The duty of obedience requires board members to abide by the nonprofit’s policies and state and federal laws, Topp says.
When board members get management reports before board meetings, they should make an effort to determine what information they should have but did not receive, she says. A dashboard highlighting the status of issues can help directors identify financial, audit, or compliance trends or problems that need attention.
“Make sure you have the right board members and that you are assessing the makeup of your board in terms of the right level of experience and subject matter knowledge, diversity and inclusion,” Topp says.
Board members should never assume that fraud or scandal could not happen at their company, says Amy Seidel ’98, a partner in the Minneapolis office of Faegre Drinker. Seidel heads the firm’s public companies practice and advises public companies on corporate governance.
“Boards have to conduct oversight continuously so we don’t find ourselves in a situation where problems have festered and then a year later there’s a big exposé that indicates that the board was asleep at the switch,” she says.

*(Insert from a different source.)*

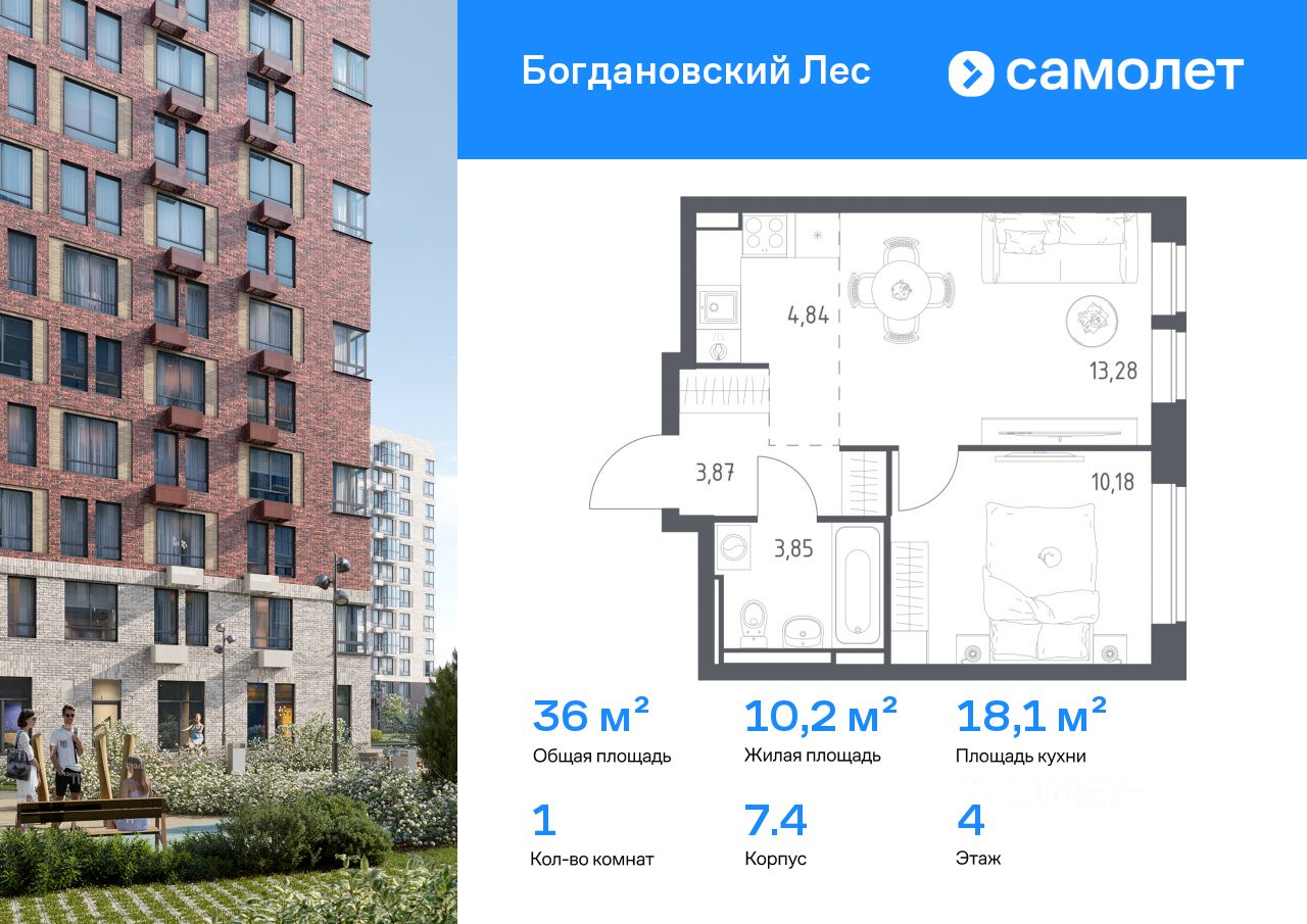 Строим кварталы для жизни с заботой о будущем. Предлагается 1-комнатная квартира комфорт-класса 36,02 кв.м в корпусе 7.4 на 4 этаже, в ЖК "Богдановский Лес"

Board members establish relationships with members of management, says Seidel. The audit committee chair, for example, could meet with the chief financial officer or the head of internal audit to get a sense of the culture and of possible risks.
As interest in ESG issues grows, boards should consider how they will oversee the risks and costs associated with climate change, address consumer preference for climate action, and identify business opportunities in that space, Seidel says.
“The focus on ESG has helped to advance the idea that the long-term value of our organization is going to be dependent on our relationships with our employees, customers, suppliers, and communities,” she says. Boards of businesses incorporated in Minnesota can consider such interests in making decisions under the state’s a multi-constituency statute. These considerations were introduced in the 1980s in response to takeover attempts aimed at the Dayton-Hudson Corp.
“It’s really kind of a takeover defense to say we can decide that this deal is bad for the company because we think it’s going to be bad for employees and for customers even though the dollars that they’re offering might look good for shareholders,” Seidel says.
Compliance Has a Deep Impact
Corporate governance is near and dear to Brita Johnson ’07, who directs the office of ethics and compliance at multinational chemical corporation Dow, Inc. Her office has oversight over investigations globally and works with other departments in conducting investigations and bringing them to resolution. She also informs the board about ethics and compliance issues.
“Whether you’re an employee, whether you’re a customer, or whether you’re a shareholder, you should care whether we’re doing that well because it has a deep impact on whether you want to do business with us, whether you want to work with us, whether you want to provide services to us,” Johnson says.
Great policies will not do any good without governance structures and systems in place to ensure adherence, enforce rules, and hold accountable those who don’t follow them, she says. She sees examples of corporate ethics and compliance issues in the daily news. “It can happen anywhere, and it takes continuous effort, monitoring, and education, as well as making sure that values do continue in the right direction. I don’t think there’s a company out there that should assume that they’re insulated somehow from having an ethics and compliance issue.”
As the “G” in ESG gains greater attention, shareholders, employees, and customers are pushing for more disclosure concerning ethics and compliance matters, Johnson says. For example, employees and others outside the company can report violations of law or Dow policy through an anonymous hotline. Most reports concern human resources issues, while allegations of misconduct such as fraud or bribery are less common.
Johnson says, “This is an area where you’re never finished with the work.”